En aquel 1978, quienes incluso aspiraban a mayores cuotas de autonomía y decisión entendieron que, ante todo, la democracia era el legado que debían entregar a generaciones venideras. Nadie discute hoy que hay elementos dentro de nuestra Carta Magna que necesitan revisión. Pero nadie puede discutir hoy que este país es radicalmente distinto al de nuestros padres. Más feminista, más urbano, más próspero y con más libertades. Es evidente que debemos actualizarla en un entorno más digital, con la necesidad de mayores cotas de igualdad entre hombres y mujeres, necesidades de equilibrio territorial entre zonas con mayor o menor densidad poblacional y un país más envejecido. Lo que dudo, y mucho, es que este país y los que hoy estamos en la representación pública entendamos las prioridades necesarias para llevarlo a cabo. Primero España, después tu partido o tu ideología y, por último, tú mismo y tus propios intereses.

La Constitución nació sin trincheras con una única arma, la libertad. Servir a los españoles y ofrecerles un futuro de esperanza. Manosearla va en contra del sentido que permitió alumbrarla. Es más que un texto jurídico, es la voluntad de un pueblo que entendió que la muerte de un dictador solo era el primer paso, que necesitaba generosidad, esfuerzo por empatizar con quien piensa diferente y voluntad de mirar más al futuro que podía unirnos que a un pasado que, indudablemente, no solo nos hacía sufrir, sino que cavaba trincheras y zanjas entre nosotros.
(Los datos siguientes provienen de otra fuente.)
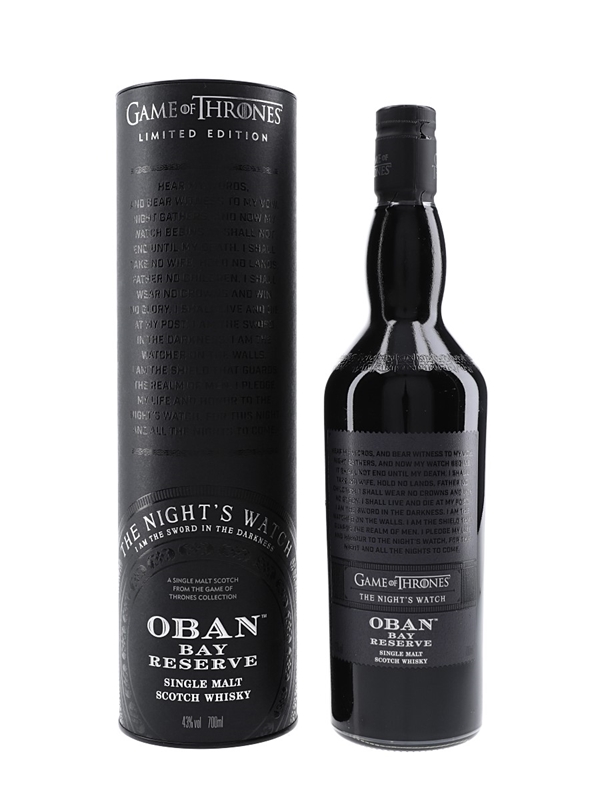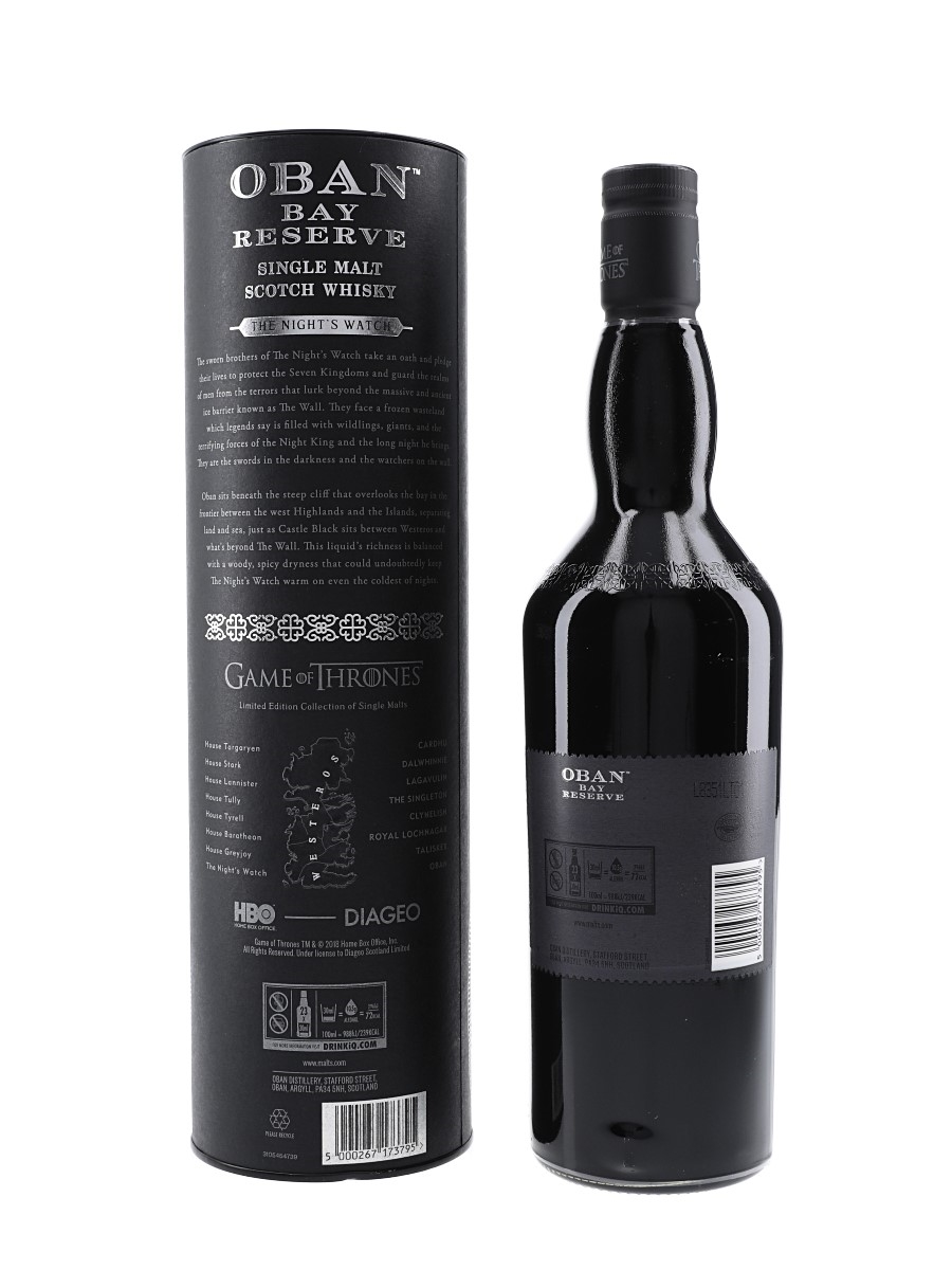 A limited edition bottle of Oban Bay Reserve from Diageo's Game of Thrones series. Each of the eight bottles in the series is named for one of the Great Houses of Westeros and The Night's Watch. This edition represents The Night's Watch.

No puedo creer que casi cincuenta años después no seamos capaces de reconocer el legado, reconocer a quienes lo hicieron posible y, sobre todo, estar a la altura de un país que necesita más que nunca luces largas y menos retrovisores. Odiar es fácil; encontrase en el camino con quien piensa diferente, no tanto; y perdonar a quienes piensan que te han hecho daño, aún más. Pero ellos, no olvidemos, fueron capaces de hacerlo. Gracias a eso hoy estamos aquí y, quizás, lo sencillo es no reconocerlo.